Surprisingly, the taxi company showed better conditions regarding sleep status. Sleep disorders and attention deterioration are physiological effects of aging [36,37], and according to the reports, traffic accidents by aged drivers are on the rise [38,39]. The transportation companies’ attention to their employees and the improvement of the work environment [40] may help them sleep better. In fact, this company makes an HPM declaration and cares about the health of its employees. On the other hand, taxi drivers significantly engaged with the lowest physical activity. Therefore, it is important to pay attention to the onset of disease, and transportation companies should take steps to boost their employees’ physical activity.
This study result showed a high proportion of low HL among the companies. The total HL of the three companies was 27.74 ± 9.58, which was about 2 points higher than the results of other surveys conducted in Japan [25]. It is worth noting that Japan’s HL scores are lower than those of the other six Asian countries (about 30 points) [41] and European countries (33.8 points) [42]. The reasons for this gap may be addressed in Japan’s insufficient primary care system, which is a health education platform for all citizens, and a lack of an easy-to-understand and reliable, comprehensive internet site for general citizens such as MedlinePlus [25]. There are well-developed governmental information sites in Singapore [43] and Sweden [44]. This high proportion of low HL is concerning, given the important influence of HL on all variables assessed in this study. The HPM project may use this data as an intervention.
This study also found that the higher the HL, the higher the WE, the better the sleep condition, and the higher the degree of physical concern, degree of job satisfaction, and degree of family life satisfaction. These results were supported by the previous studies that women with high HL showed better work performance, and their positive health behavior led to preventative health measures and investment in health, which improved and maintained workers’ health while also enhancing their work performance [45,46]. In addition, when sleep condition deteriorates, WE decrease [47,48]. These results proved that HL played a key role in improving health behavior. As a result, offering health education to increase HL is critical for improving work performance and productivity.
This study result showed that there was no connection between WE and family life satisfaction. In the previous study, WE had a positive correlation with life satisfaction (satisfaction with work and family) [49,50]. The results of this study showed that increased job satisfaction is crucial for raising engagement in SMEs.

Limitations

This research has a few limitations:
(1)
We used the baseline data of the cohort study, and we selected one company from each industry. Therefore, it is difficult to conclude the characteristics of each industry. In the future, multiple companies could be involved for comparison;
(2)
Since this is a cross-sectional design, no causal relationship can be established.
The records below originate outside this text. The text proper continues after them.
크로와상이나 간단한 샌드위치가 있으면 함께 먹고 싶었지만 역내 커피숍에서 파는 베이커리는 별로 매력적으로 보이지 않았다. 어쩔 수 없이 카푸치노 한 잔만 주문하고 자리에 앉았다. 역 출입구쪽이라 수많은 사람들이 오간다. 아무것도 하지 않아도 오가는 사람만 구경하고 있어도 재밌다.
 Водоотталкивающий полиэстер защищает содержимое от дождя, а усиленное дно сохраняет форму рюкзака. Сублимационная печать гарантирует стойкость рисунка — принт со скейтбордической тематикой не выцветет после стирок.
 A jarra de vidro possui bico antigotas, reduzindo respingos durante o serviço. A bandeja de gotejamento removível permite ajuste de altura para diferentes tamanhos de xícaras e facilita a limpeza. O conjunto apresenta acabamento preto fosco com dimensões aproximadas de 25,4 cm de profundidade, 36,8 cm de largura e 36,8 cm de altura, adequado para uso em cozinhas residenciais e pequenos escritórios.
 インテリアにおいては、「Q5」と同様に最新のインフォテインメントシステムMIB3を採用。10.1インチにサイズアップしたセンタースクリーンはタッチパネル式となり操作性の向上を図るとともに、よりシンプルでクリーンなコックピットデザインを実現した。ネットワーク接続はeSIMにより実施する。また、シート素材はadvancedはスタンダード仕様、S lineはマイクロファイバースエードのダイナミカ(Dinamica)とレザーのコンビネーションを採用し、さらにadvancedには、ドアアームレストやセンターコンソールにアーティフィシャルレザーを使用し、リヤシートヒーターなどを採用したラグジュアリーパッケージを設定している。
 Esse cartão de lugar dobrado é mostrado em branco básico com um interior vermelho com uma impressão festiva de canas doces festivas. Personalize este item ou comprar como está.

On the other hand, intervention research will be required to identify the key variables by examining the correlations between variables;
(3)
We cannot generalize this study’s findings because of the small sample size and purposefully selected three SMEs. Therefore, there is a chance of selection bias.

5. Conclusions

An analysis was conducted to clarify the relationship between employees’ WE, concern for their own bodies, quality of sleep, family life satisfaction, and job satisfaction in SMEs. The results showed that WE was affected in job satisfaction, age, HL, and quality of sleep. We also found the impacts of HL on other variables among the three companies. Therefore, it is suggested to focus on increasing HL, job satisfaction, and improving the quality of sleep when implementing HPM in SMEs to improve WE. Additionally, it can be suggested that further research can be conducted with more SMEs company in order to boost generalizability.

Author Contributions

Conceptualization and methodology, M.M. and W.L.; formal analysis, W.L., Y.F. and K.K.; investigation, M.K.; data curation, W.L., Y.F. and K.K.; writing—original draft preparation, W.L., Y.J. and M.M.; writing—review and editing, W.L., Y.J., K.K. and M.M.; supervision, M.M.; project administration, M.M. All authors have read and agreed to the published version of the manuscript.

Funding

This research received no external funding.
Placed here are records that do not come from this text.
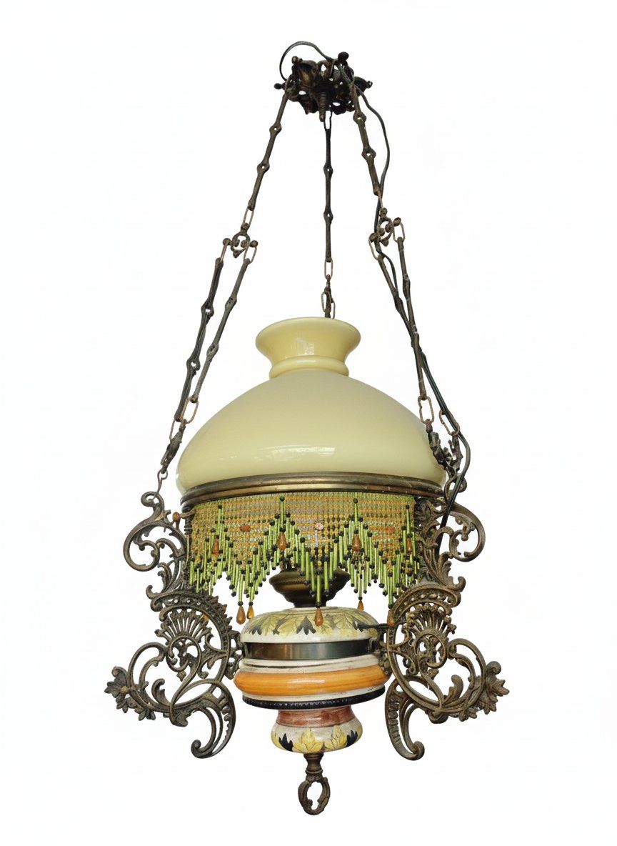 Antigua Lámpara Holandesa S. XIX-XX. Fabricada en metal labrado, tulipa de cristal y cuerpo de cerámica decorada. Conserva sus flecos de cuentas originales.
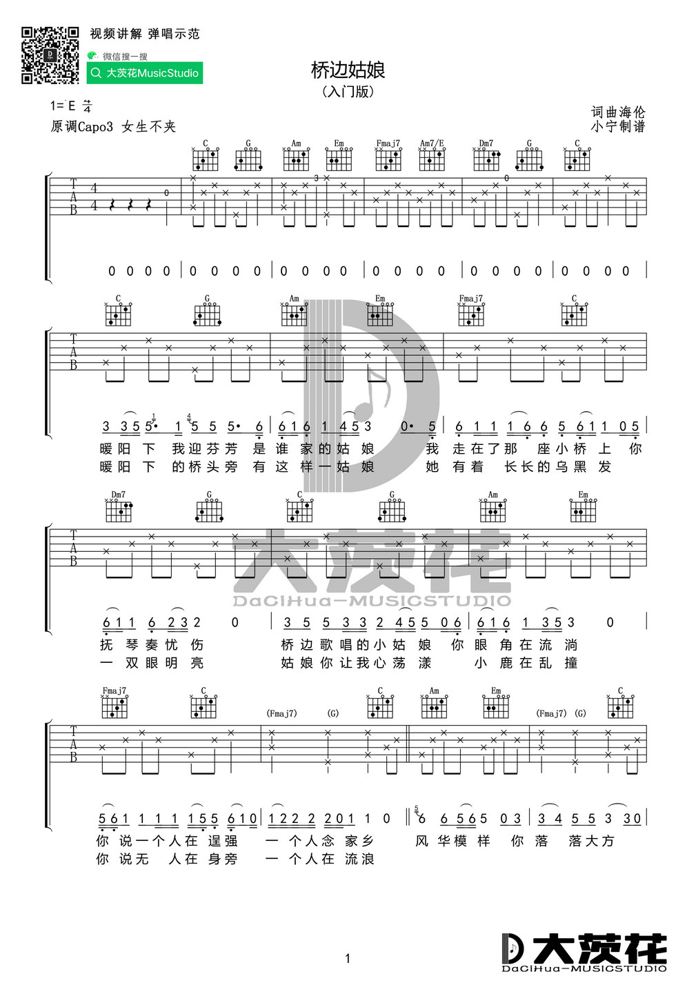桥边姑娘吉他谱 - 海伦 - 吉他弹唱谱
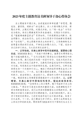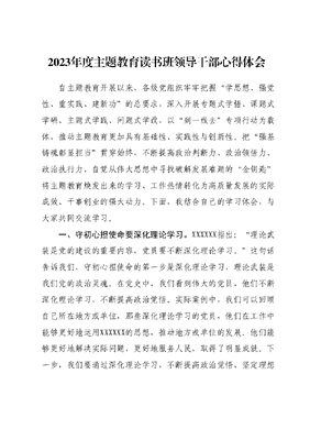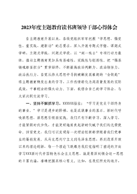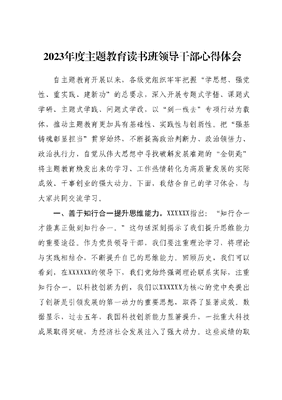 2023年度主题教育读书班领导干部心得体会自主题教育开展以来,各级党组织牢牢把握学思想、强党性、重实践、建新功的总要求,深入开展专题式学悟、课题式学研、主题式学践、问题式学改,以到一线去专项行动为载体,推动主题教育更加具有基础性、实践性与创新性。把强基铸魂彰显担当贯穿始终,不断提高政治判断力、政治领悟力、政治执行力,自觉从伟大思想中寻找破解发展难题的金钥匙将主题教育焕发出来的学习、工作热情转化为高质量发展的实际成效、干事创业的强大动力。下面,我结合自己的学习体会,与大家共同交流学习。一、善于知行合一提升思维能力。XXXXXX指出:知行合一才能真正做到知行合一。这句话深刻揭示了我们提升思维能力的重要途径。作为党员领导干部,我们要注重理论学习,将理论与实践相结合,不断提升自己的思维能力。回顾历史,我们可以看到,在XXXXXX的领导下,我们党始终强调理论联系实际,注重知行合一。以科技创新为例,我们以XXXXXX为核心的党中央提出了创新是引领发展的第一动力的重要思想,取得了显著成效。数据显示,过去五年,我国科技创新能力显著提升,一批重大科技成果取得突破,为经济社会发展注入了强大动力。这些成绩的取得,正是因为我们善于知行合一,不断提升了思维能力。下一步我们要更加深入地学习XXXXXX的思想,善于知行合一,提升思维能力。我们要注重理论学习,结合实际工作,深入思考问题,不断拓展思维边界。同时,我们要勇于实践,将理论转化为行动,推动工作取得更好发展。二、善于交流碰撞提升解题能力。XXXXXX指出:交流碰撞才能真正解决问题。这句话深刻揭示了我们提升解题能力的关键。作为党员领导干部,我们要注重团结合作,善于交流碰撞,共同解决问题。回顾历史,我们可以看到,在XXXXXX的领导下,我们党始终强调团结合作,注重交流碰撞。以扶贫工作为例,我们以XXXXXX为核心的党中央提出了精准扶贫战略,取得了显著成效。数据显示,过去五年,我国农村贫困人口减少了近1亿,贫困发生率下降到1.7%以下,贫困地区基础设施得到了极大改善,群众生活水平明显提高。这些成绩的取得,正是因为我们善于交流碰撞,共同解决问题。下一步,我们要更加深入地学习XXXXXX的思想,善于交流碰撞,提升解题能力。我们要注重团结合作,加强沟通交流,倾听不同声音,汇聚智慧力量,共同解决工作中的难题。同时,我们要勇于创新,敢于突破传统思维,找到解决问题的新路径和新方法。三、善于总结成果提升研讨质量。XXXXXX指出:总结成果才能真正提升研讨质量。这句话深刻揭示了我们提升研讨质量的重要途径。作为党员领导干部,我们要注重总结经验,提升研讨质量。回顾历史,我们可以看到,在XXXXXX的领导下,我们党始终强调总结经验,注重研讨质量。以经济发展为例,我们以XXXXXX为核心的党中央提出了创新、协调、绿色、开放、共享的发展理念,取得了显著成效。数据显示,过去五年,我国经济保持了中高速增长,经济结构不断优化,创新能力和竞争力显著提升。这些成绩的取得,正是因为我们善于总结成果,不断提升了研讨质量。下一步,我们要更加深入地学习XXXXXX的思想,善于总结成果,提升研讨质量。我们要注重经验总结,总结成功经验和失败教训,吸取经验教训,不断提高工作的质量和效益。同时我们要注重创新思维,开展深入研究,推动工作的创新和发展。各位同志,学习XXX新时代中国特色社会主义思想,是我们党员领导干部的重要政治任务。让我们善于知行合一,善于交流碰撞,善于总结成果,不断提升自身素质和工作水平,为实现中华民族伟大复兴的中国梦而努力奋斗!谢谢大家!

Institutional Review Board Statement

This study was approved by the epidemiological research ethics committee of Hiroshima University (E-1502-1-E1502-3). UMIN-CTR: UMIN000036231.
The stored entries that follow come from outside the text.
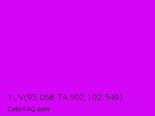 YUV 95.068,74.902,102.549 Color is a normal purple color and the nearest color is Vivid Orchid #cc00ff. Hex code #d406f7 and RGB value is rgb(212,6,247). In RGB color space, this color is composed of 83% red, 2% green, 97% blue, In CMYK color space, this color is composed of 14% cyan, 98% magenta, 0% yellow , 3% black , In HSL color space, this color has a hue angle of 291° , 95% saturation and 50% lightness.
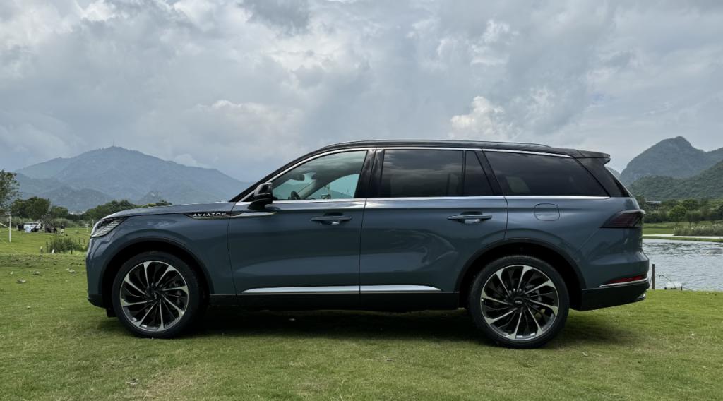 来到侧面,全新林肯飞行家 5080mm 的车长再配上这种前高后低的侧面线条,就和它的名字一样,呈现出一种要起飞的姿态。
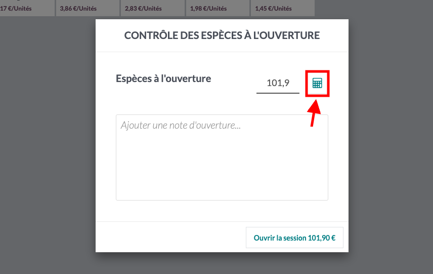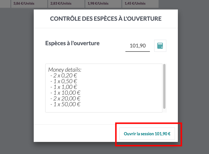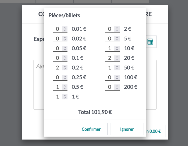 Vous devez vérifier le montant qui se trouve dans la caisse. Il doit correspondre au montant initial qui est inscrit à l’écran (qui reprend le montant encodé lors de la fermeture de la veille). Vous pouvez calculer le montant en détails, via le bouton à droite du montant. Ici, vous pourrez indiquer le nombre de pièces de monnaies et de billets qui se trouvent dans la caisse.
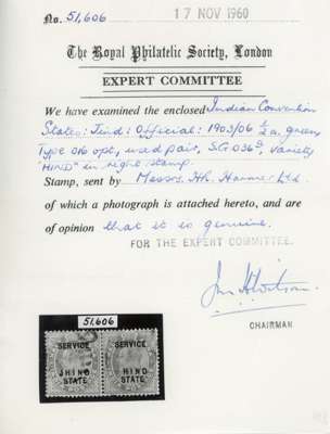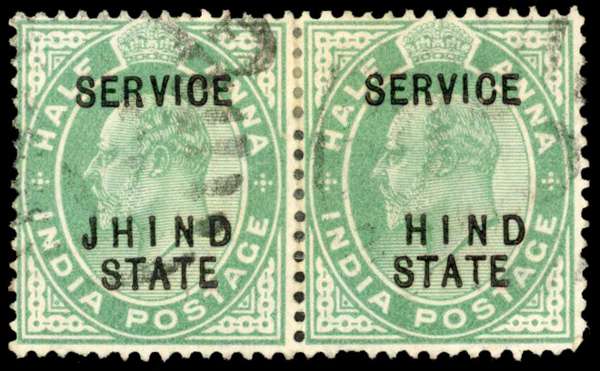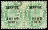 Officials. 1903-6 ½a green horizontal pair, right stamp with ‘HIND’, lightly used. The variety with a short perf at base and a blunt corner. RPS Certificate (1960, when SG O36a). SG O25a, £500

Informed Consent Statement

The researcher obtained the consent to participate in this study in written informed consent from the president of each company. The personnel manager informed the employees by in-house message or e-mail and asked about their willingness to participate in this study. Employees who did not want to be used their data for this study were told to report. Therefore, data analysis was conducted on an opt-out basis.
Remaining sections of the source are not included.